At least 10 fracking chemicals routinely used in offshore fracking could kill or harm a broad variety of marine species, including marine mammals and fish, Center scientists have found. The California Council on Science and Technology has identified some common fracking chemicals to be among the most toxic in the world to marine animals.

Fracking chemicals raise grave ecological concerns because, among other factors, the Gulf of Mexico is important habitat for whales, sea turtles and fish, and contains critical habitat for imperiled loggerhead sea turtles. Dolphins and other species in the Gulf are still suffering lingering effects from the Deepwater Horizon oil spill.

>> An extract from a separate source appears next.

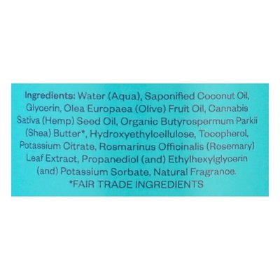 INGREDIENTS: Water (Aqua), Saponified Coconut Oil, Glycerin, Olea Europaea (Olive) Fruit Oil, Cannabis Sativa (Hemp) Seed Oil, Organic Butyrospermum Parkii (Shea) Butter (Fair Trade Ingredients), Hydroxyethylcellulose, Tocopherol, Potassium Citrate, Rosmarinus Officinalis (Rosemary) Leaf Extract, Propanediol (and) Ethylhexylglycerin (and) Potassium Sorbate, Natural Fragrance.

As explained in the letter, the EPA is proposing to allow oil companies to discharge fracking chemicals without even knowing how much fracking has, or would, occur in the Gulf by relying on data from 1988. Information recently obtained by the Center indicates that oil companies were permitted to frack more than 1,200 times from more than 600 wells from 2010 to 2014 alone. And the agency is relying on more than 30-year-old data to estimate the volume of produced water to be discharged.

"The Obama administration can't just turn a blind eye to how offshore fracking could hurt the Gulf's wildlife," Monsell added. "It's the EPA's job to protect water quality from offshore fracking, not rubberstamp the dumping of the wastewater from this dangerous, disgusting practice."

At the Center for Biological Diversity, we believe that the welfare of human beings is deeply linked to nature — to the existence in our world of a vast diversity of wild animals and plants. Because diversity has intrinsic value, and because its loss impoverishes society, we work to secure a future for all species, great and small, hovering on the brink of extinction. We do so through science, law and creative media, with a focus on protecting the lands, waters and climate that species need to survive.